- Born: 15 October 1926 Netrokona, Bengal Presidency, British India
- Died: 28 August 2012 (aged 85) Dhaka, Bangladesh
- Occupations: Physician, politician
- Political party: Bangladesh Awami League
- Children: Obaidul Hassan; Sajjadul Hassan;

= Akhlakul Hossain Ahmed =

Bangladeshi politician (1926–2012)

Akhlakul Hossain Ahmed (15 October 1926 – 28 August 2012) was a Bangladeshi physician and politician from Netrokona belonging to Bangladesh Awami League. He was elected as a member of the East Pakistan Provincial Assembly in 1970. After the Liberation of Bangladesh, he was appointed as a member of the Constituent Assembly of Bangladesh. He was an organizer of the Liberation War of Bangladesh.

==Career==
Ahmed was born on 15 October 1926 at Chhayashi in Mohanganj of Netrokona.

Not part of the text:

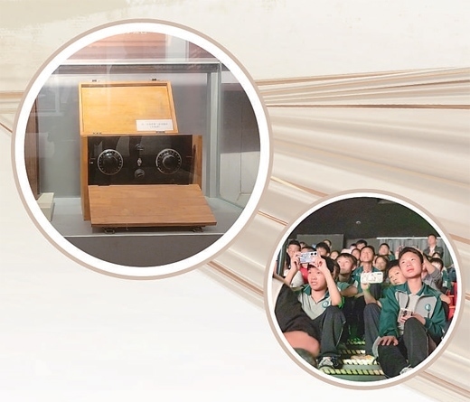 上圖:遵義會(huì)議會(huì)址展出的“半部電臺(tái)”復(fù)制品。下圖:學(xué)生們觀看《偉大轉(zhuǎn)折》演出。以上圖片均為遵義市委宣傳部提供

He was elected as a member of the East Pakistan Provincial Assembly Mohanganj-Barhatta constituency in 1970. During the Liberation War of Bangladesh he was the in-charge of Maheshkhola Youth Camp in Tura, Meghalaya in India. He was appointed as a member of the Constituent Assembly of Bangladesh after the Liberation of Bangladesh.

Ahmed died on 28 August 2012 at Holy Cross Hospital in Dhaka at the age of 85.